- **PROVIDED MATERIAL**:
========================

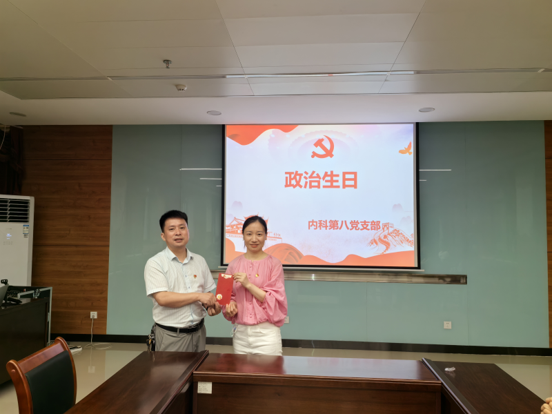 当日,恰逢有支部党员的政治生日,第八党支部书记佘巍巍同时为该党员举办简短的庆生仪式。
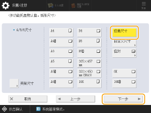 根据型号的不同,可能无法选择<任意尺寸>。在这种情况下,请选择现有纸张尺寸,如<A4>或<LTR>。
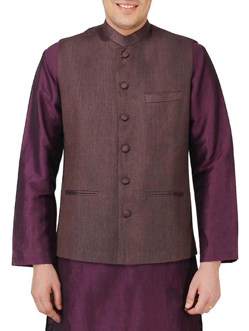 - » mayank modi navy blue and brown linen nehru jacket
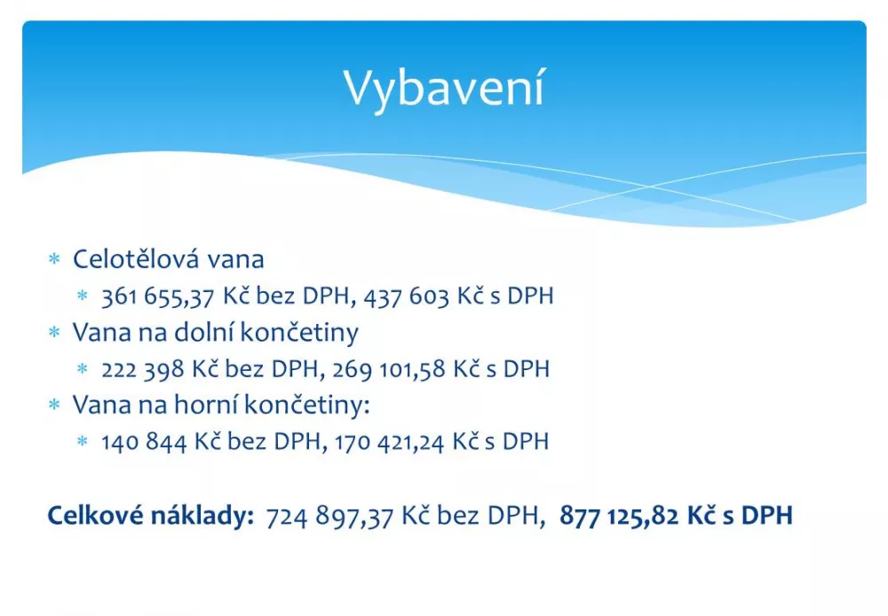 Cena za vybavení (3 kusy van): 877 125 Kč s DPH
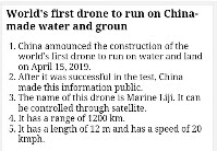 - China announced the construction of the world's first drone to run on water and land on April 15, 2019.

========================

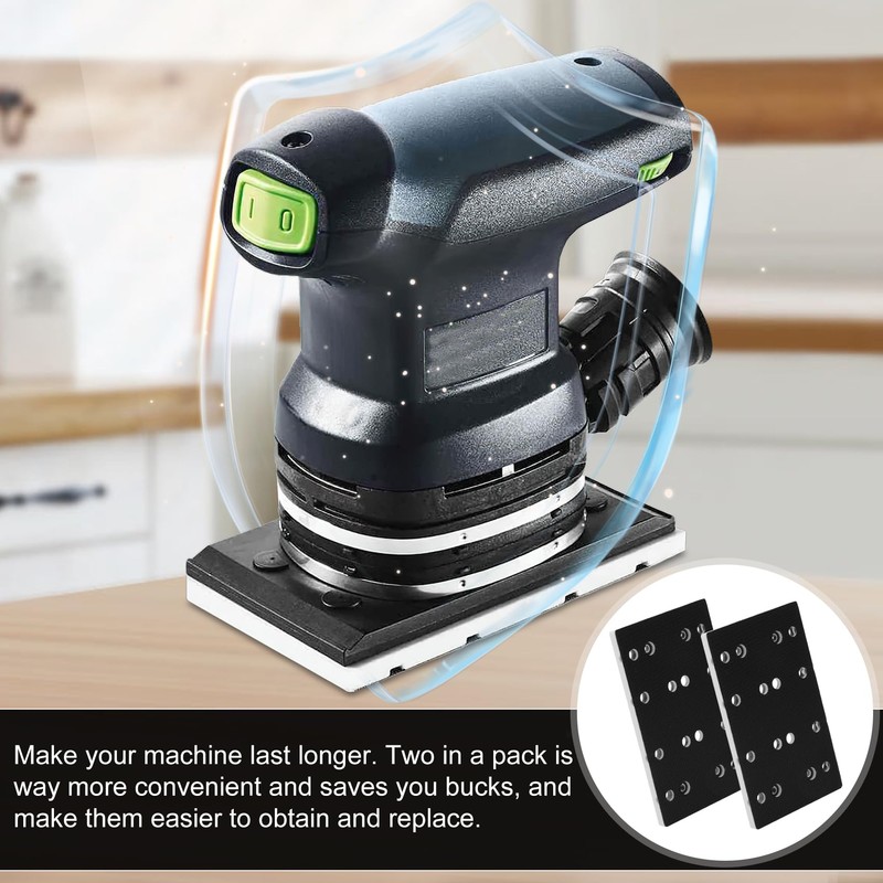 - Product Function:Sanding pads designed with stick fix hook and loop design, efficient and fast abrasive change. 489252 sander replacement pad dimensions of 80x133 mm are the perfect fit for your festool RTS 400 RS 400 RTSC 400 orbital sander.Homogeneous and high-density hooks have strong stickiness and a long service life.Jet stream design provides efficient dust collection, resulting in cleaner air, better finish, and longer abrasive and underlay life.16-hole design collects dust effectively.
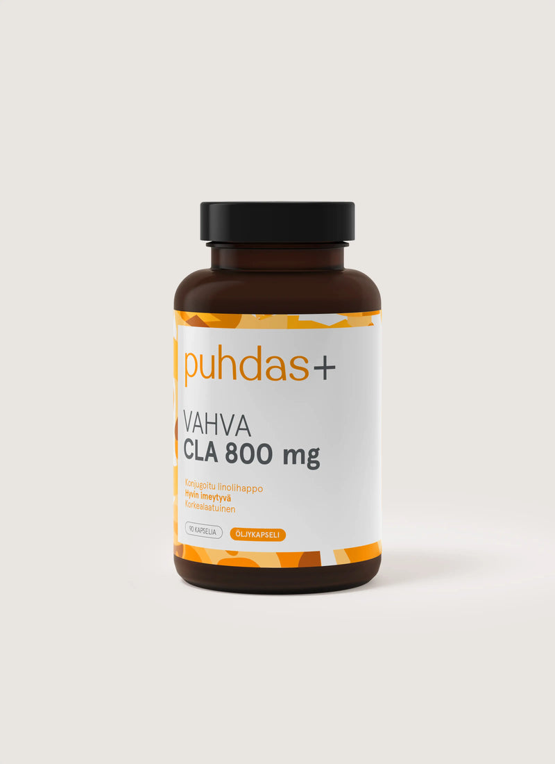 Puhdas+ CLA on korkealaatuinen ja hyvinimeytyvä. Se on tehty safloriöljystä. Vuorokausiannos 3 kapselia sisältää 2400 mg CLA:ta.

========================

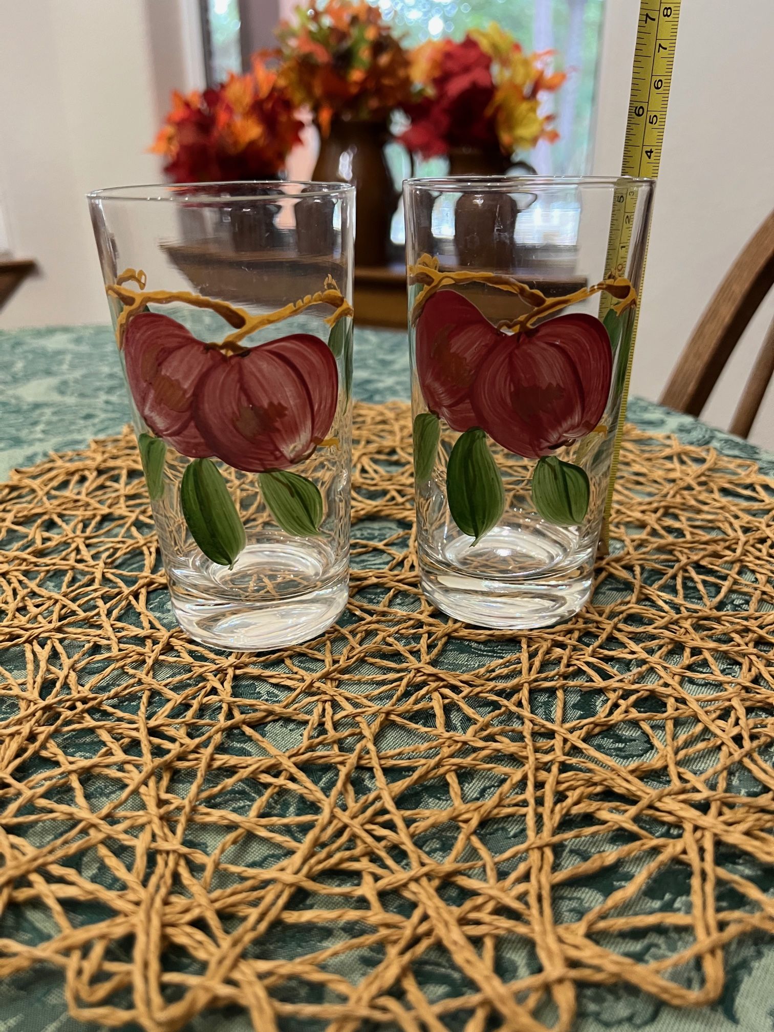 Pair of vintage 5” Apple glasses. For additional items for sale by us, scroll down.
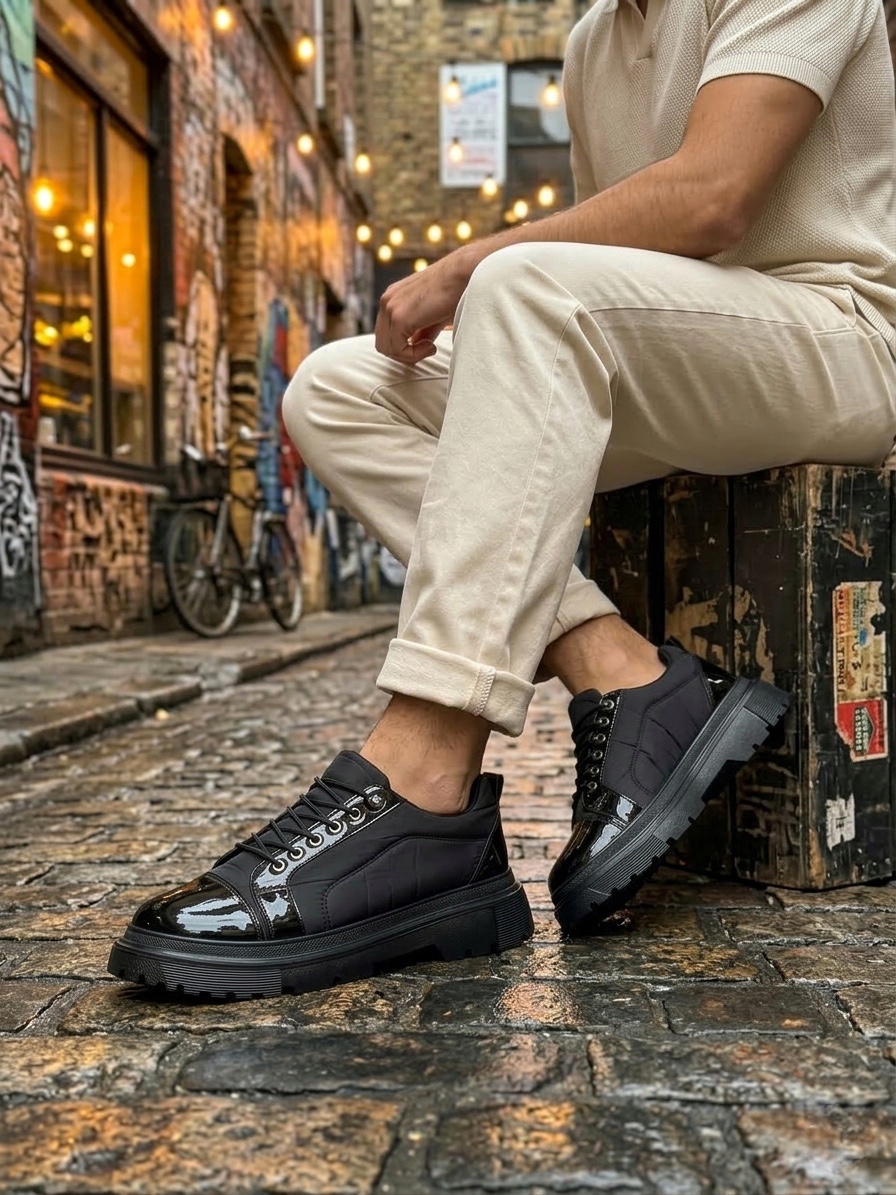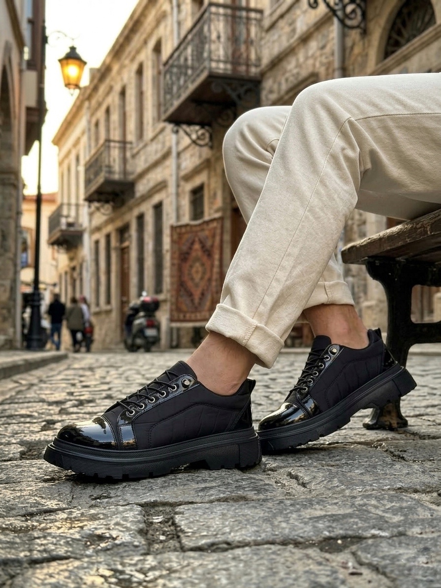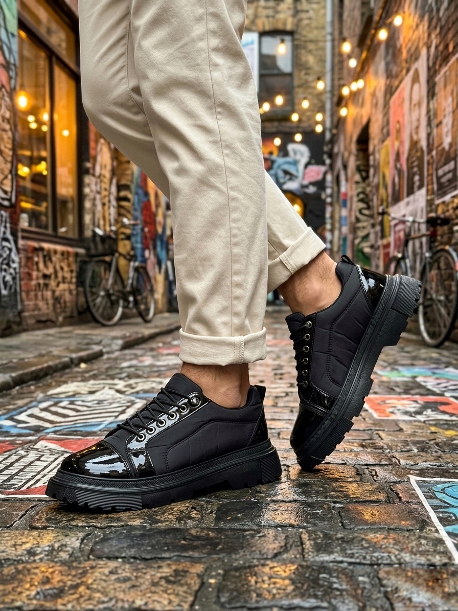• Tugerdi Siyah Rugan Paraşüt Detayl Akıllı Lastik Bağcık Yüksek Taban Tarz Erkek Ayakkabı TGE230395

========================

- **YOUR GOAL**:
Starting at the line containing "当日,恰逢有支部党员的政治生" and stopping at the line containing "- China announced", output each line exactly as it appears above. Leave out the pictures.

- **RESULT OF THE TASK**:
 当日,恰逢有支部党员的政治生日,第八党支部书记佘巍巍同时为该党员举办简短的庆生仪式。
 根据型号的不同,可能无法选择<任意尺寸>。在这种情况下,请选择现有纸张尺寸,如<A4>或<LTR>。
 - » mayank modi navy blue and brown linen nehru jacket
 Cena za vybavení (3 kusy van): 877 125 Kč s DPH
 - China announced the construction of the world's first drone to run on water and land on April 15, 2019.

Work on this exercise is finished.